Inhalt des Papiers ist zudem ein Zehn-Punkte-Katalog, in dem die Linke unter anderem ein Anti-Armuts-Programm, Reform und Ausbau des Schulwesens sowie die Durchsetzung eines generellen Nachtflugverbots
am Frankfurter Flughafen zur Bedingung für ihre Unterstützung macht.

Ohne das Papier werde SPD-Chefin Ypsilanti gar nicht erst zur Wahl
antreten, hatte Landeschef Wilken den Delegierten vor der Abstimmung
gesagt. Dann müsste die Linke ihren Wählern erklären, warum sie
Ministerpräsident Roland Koch (CDU) die Möglichkeit gebe, seine
neoliberale Politik fortzusetzen.

Vehement für einen Wechsel warb auch der hessische IG-Metall-Bezirkchef Armin Schild. «Lassen Sie uns diese historische Chance gemeinsam nutzen», sagte er. Hessen könne «Ausgangspunkt eines neuen sozialen Projekts» werden.

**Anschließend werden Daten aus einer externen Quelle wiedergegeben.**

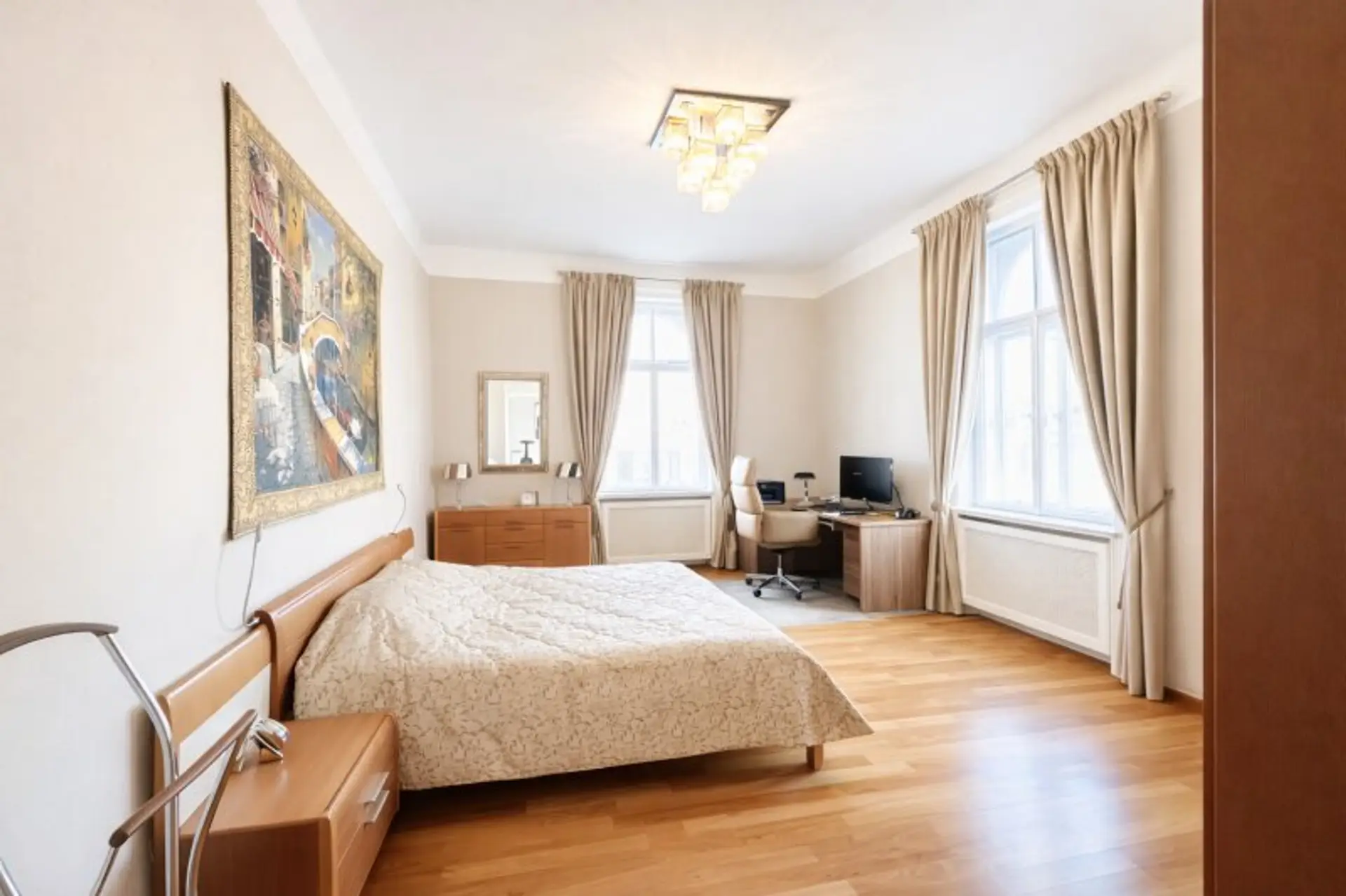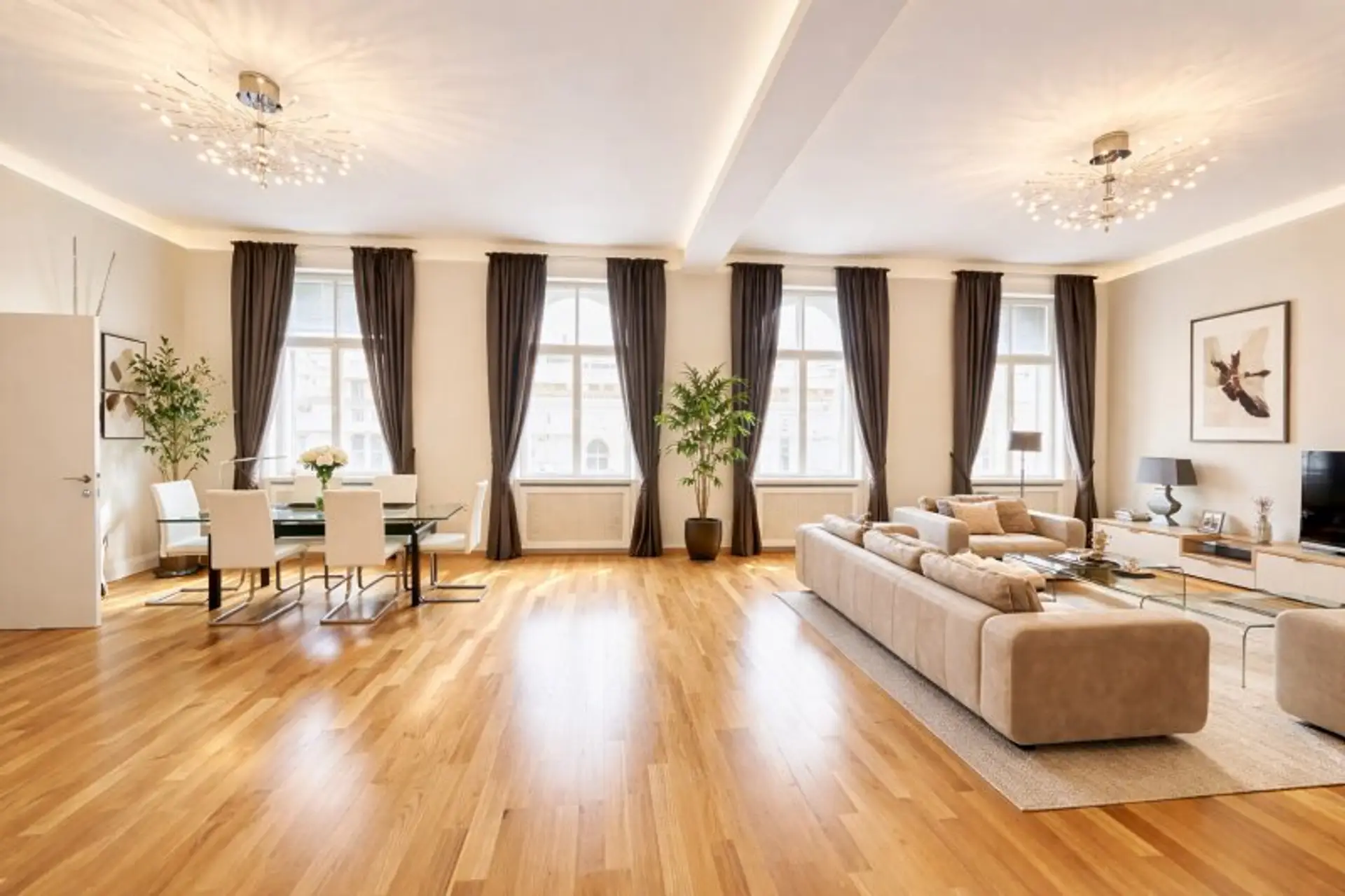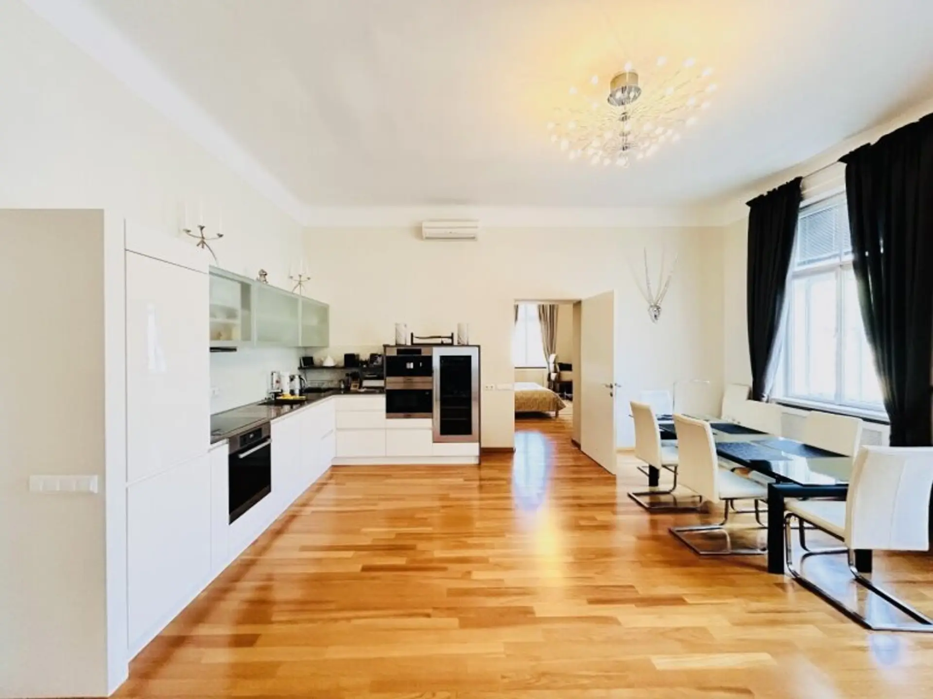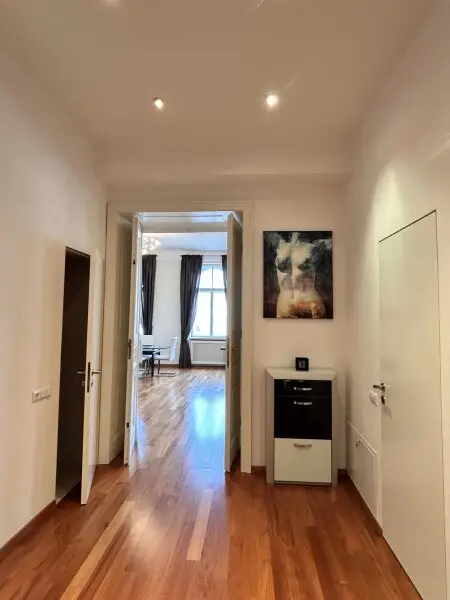 In begehrter Lage des 1. Bezirks befindet sich diese stilvolle, rund 120 m² große Wohnung im 4. Stock der Eßlinggasse. Die Stadtwohnung überzeugt mit einer geschmackvollen Einrichtung, einer modernen Küche mit hochwertigen Markengeräten sowie großzügigen Stauraumlösungen durch maßgefertigte Schränke.

Zahlreiche Redner warnten dagegen in der Generaldebatte, die Partei verliere ihre Identität und ordne sich der Politik von Rot-Grün unter. Aufgabe der Linken sei es schließlich, «die Herrschenden zu kritisieren».

Fürsprecher einer Tolerierung konterten, eine «Fundamentalopposition» sei nicht der Auftrag der Wähler. Das Papier vor den derzeit laufenden Koalitionsverhandlungen präsentiert zu haben, sei doch «das Beste», was der Linken habe passieren können, sagte ein Redner. Nun müssten sich SPD und Grüne danach richten.

Die Grünen begrüßten die Entscheidung. Damit schaffe die Linke
«die nötige Verbindlichkeit gegenüber den möglichen Koalitionspartnern, aber auch gegenüber ihren eigenen Mitgliedern», sagte der Politische Geschäftsführer der hessischen Grünen, Kai Klose. Für die Grünen entscheidend sei dabei, was die Linke «verbindlich schriftlich zusagt», und nicht die eine oder andere «verbale Kraftmeierei» einzelner Delegierter auf dem Parteitag.